VoIP problems: internet provider or VoIP provider?
December 20, 2005 12:41 PM   Subscribe

My VoIP is horrible today - calls dropping constantly. This is not new, but it's at an all-time high and is impossible to use the line for business. How do I know if it's the VoIP provider, or is this my broadband service (it's cable modem)? Who do I call and complain to?
posted by micawber to Computers & Internet (5 answers total)
 
The Hawking Broadband "booster" does some quality of service magic and apparently helps VoIP quality. I dunno if it helps if the problem is upstream though.

If your cable provider is Rogers in Canada, the easy answer is that there's no one you can call - they don't care.
posted by GuyZero at 12:58 PM on December 20, 2005


Response by poster: I should mention that this is cable modem (time warner roadrunner in nyc) and that I am on a mac.
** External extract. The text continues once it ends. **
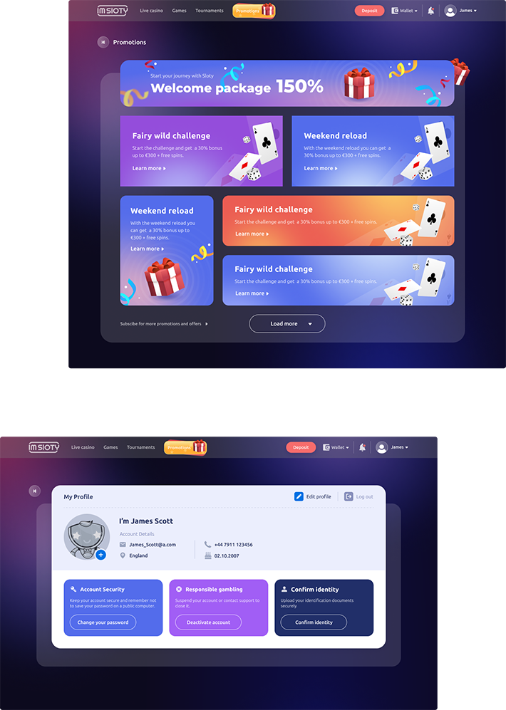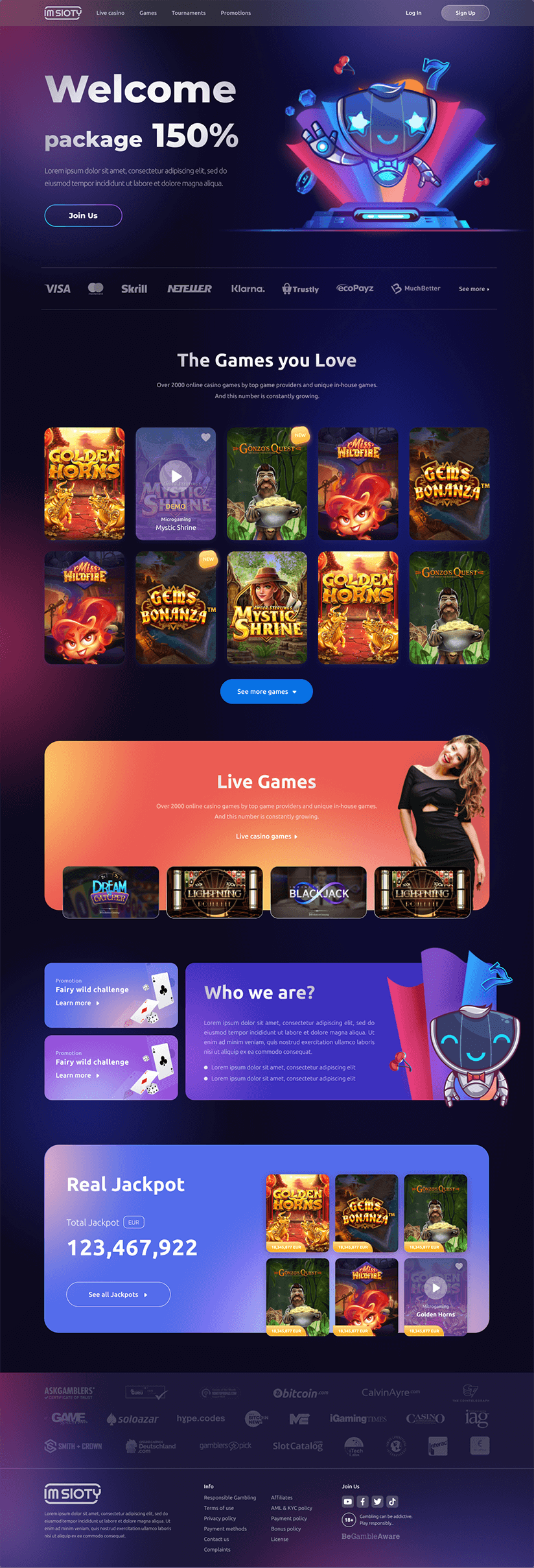 I Am Sloty is a brand new online casino, launched in 2021. We had the pleasure to work on it’s branding concept, illustrations, animations and front-end development. The challenge here was to create a friendly & welcoming UI/UX and a cute character that will represent the brand across the site.

But I did ping some sites and I have 0% packet loss. no one else besides me is here, there are no file sharing or bittorrent or anything else going on, and I am on a mac and there are no viruses or worms.
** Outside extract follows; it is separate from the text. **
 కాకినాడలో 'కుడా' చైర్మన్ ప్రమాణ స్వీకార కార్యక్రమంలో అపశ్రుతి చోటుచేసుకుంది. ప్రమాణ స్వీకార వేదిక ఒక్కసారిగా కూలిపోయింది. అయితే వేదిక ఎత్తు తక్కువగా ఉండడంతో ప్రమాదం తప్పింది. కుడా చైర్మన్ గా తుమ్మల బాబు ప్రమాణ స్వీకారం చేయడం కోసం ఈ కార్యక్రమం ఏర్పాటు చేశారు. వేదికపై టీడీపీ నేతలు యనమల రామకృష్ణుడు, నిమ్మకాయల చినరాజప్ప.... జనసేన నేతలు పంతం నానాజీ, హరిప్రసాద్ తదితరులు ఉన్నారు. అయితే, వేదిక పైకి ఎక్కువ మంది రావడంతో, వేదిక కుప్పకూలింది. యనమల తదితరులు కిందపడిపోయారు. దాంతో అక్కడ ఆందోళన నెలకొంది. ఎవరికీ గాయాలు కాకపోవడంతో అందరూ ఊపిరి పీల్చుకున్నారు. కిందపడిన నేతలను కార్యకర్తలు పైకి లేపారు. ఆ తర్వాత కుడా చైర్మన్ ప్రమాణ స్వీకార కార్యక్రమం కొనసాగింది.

I rebooted both the cable modem and the phone modem and we'll see if that helps.
posted by micawber at 1:13 PM on December 20, 2005


Could it be that a lot of people in NYC are telecommuting today?
posted by TonyRobots at 2:17 PM on December 20, 2005


I second odinsdream's experience - I was given a replacement DOCSIS 2.0 modem (a motorola surfboard) at no charge just a week ago.
posted by wzcx at 2:40 PM on December 20, 2005


I'll third odinstream's experience -- I started having similar trouble with VOIP awhile back, and replaced my ancient (relatively speaking) pre-DOCSIS RCA cable modem with a more up-to-date one, and not only did my VOIP become rock solid, my download speeds in general improved singificantly.
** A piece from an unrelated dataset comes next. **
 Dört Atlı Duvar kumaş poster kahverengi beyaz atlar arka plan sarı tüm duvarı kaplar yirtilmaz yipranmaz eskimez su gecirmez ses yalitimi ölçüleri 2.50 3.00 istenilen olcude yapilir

I suspect that this was the result over time of them optimizing the network for the newer modems, until finally mine was too out-of-spec to do the job. The problems didn't surface in simple stuff like web browsing, and I didn't notice much packet loss in pings either, but call quality just became crappy, with lots of digital artifacts and disconnects.

The downside was that the cable co. were not interested in replacing their "rented" modem at their cost, and the price difference for "byo" was negligible, but the $75 or so out of pocket to replace it myself with an over-the-counter model was well worthwhile.